Figure 12.1: A biquadratic function with four distinct real roots.
Solved Examples
Solved Example 1.1
Problem: Solve x⁴ – 5x² + 4 = 0.
Solution
x² = 4 ⇒ x = ±2; x² = 1 ⇒ x = ±1.
Roots: {±1, ±2}.
Solved Example 1.2
Problem: If α, β, γ, δ are roots of x⁴ – 10x³ + 35x² – 50x + 24 = 0, find Σ α².
Solution
Σ α² = (Σ α)² – 2Σ αβ = 100 – 70 = 30.
Solved Example 1.3
Problem: Solve x⁴ + x³ – 4x² + x + 1 = 0.
Solution
(z² – 2) + z – 4 = 0 ⇒ z² + z – 6 = 0 ⇒ z = -3, 2.
If z = 2: x = 1, 1. If z = -3: x² + 3x + 1 = 0 ⇒ x = (-3 ± √5)/2.
Solved Example 1.4
Problem: Solve (x+1)(x+2)(x+3)(x+4) = 120.
Solution
(y+4)(y+6) = 120 ⇒ y² + 10y – 96 = 0 ⇒ y = -16, 6.
y = 6 ⇒ x²+5x-6 = 0 ⇒ x = 1, -6. (y = -16 gives non-real roots).
Solved Example 1.5
Problem: Find the condition that roots of x⁴ + px³ + qx² + rx + s = 0 are in G.P.
Solution
Let roots be a/r³, a/r, ar, ar³. Product s = a⁴. The condition is r² = p²s.
Solved Example 1.6
Problem: If the product of two roots of x⁴ – 5x³ + 10x² + kx + 12 = 0 is 6, find k.
Solution
Equation: (x² + px + 6)(x² + qx + 2) = 0.
Comparing coefficients, we find k = -14.
Solved Example 1.7
Problem: Determine the nature of roots of x⁴ + 4x – 1 = 0.
Solution
f'(x) = 4x³ + 4 = 0 ⇒ x = -1. f(-1) = -4. Since the minimum value is negative and f(x) → ∞, there are 2 real roots.
Solved Example 1.8
Problem: Solve x⁴ – 10x² + 9 = 0.
Solution
(x² – 9)(x² – 1) = 0 ⇒ x² = 9, 1. Roots: {±1, ±3}.
Solved Example 1.9
Problem: Form a biquadratic with rational coefficients having √2 + √3 as a root.
Solution
(x² – 5)² = 24 ⇒ x⁴ – 10x² + 1 = 0.
Solved Example 1.10
Problem: Solve x⁴ – 12x³ + 49x² – 78x + 40 = 0 if roots are in A.P.
Solution
4a = 12 ⇒ a = 3. Using product of roots, d = 1. Roots: {1, 2, 4, 5}.

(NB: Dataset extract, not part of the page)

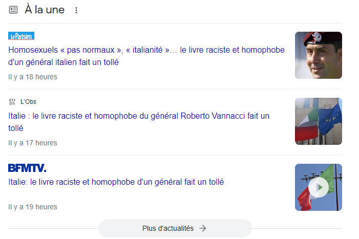 Un général italien encore en activité, Roberto Vannacci [1], a écrit un pamphlet qui dénonce « le monde à l’envers » (c’est le titre du livre) dans lequel nous vivons. Apriti cielo, comme disent les italiens. Tout ce que le pays compte d’opinionistes, d’ « intellectuels » et de journalistes, tous évidemment de gauche (mais, je me répète, c’est un pléonasme), lui est tombé dessus avec une belle unanimité. AM Valli en parlait aujourd’hui, et ce qu’il dit permet de se faire une idée sur le motif de leur fureur. Le sujet m’a paru intéressant, susceptible d’engendrer une réflexion plus large (notamment sur l’arrivée au pouvoir d’un gouvernement réputé « d’extrême-droite »), mais je pensais que la polémique se cantonnerait à l’Italie. Que nenni! La capture d’écran faite aujourd’hui sur les actualités de Google montre qu’elle a franchi les Alpes, et sans doute l’océan, et qu’il y une véritable internationale de la censure politiquement correcte.

Concept Application Exercise 1.1
Solve x⁴ – 13x² + 36 = 0.
If α, β, γ, δ are roots of x⁴ + px³ + qx² + rx + s = 0, find Σ α²β.
Solve x² + 1/x² – 3(x – 1/x) – 2 = 0.
Find the number of real roots of x⁴ – 8x² + 2 = 0.
If two roots of x⁴ – 2x³ + 4x² + 6x – 21 = 0 are equal in magnitude but opposite in sign, solve the equation.
Solve (x-1)⁴ + (x-5)⁴ = 82 by substituting y = x-3.
If roots of x⁴ – 8x³ + 14x² + 8x – 15 = 0 are in A.P., find the roots.
Solve the reciprocal equation 2x⁴ + x³ – 6x² + x + 2 = 0.
Find the product of the non-real roots of x⁴ – 4x³ + 6x² – 4x + 5 = 0.
If α is a root of x⁴ – x – 1 = 0, find the value of α⁴ – α.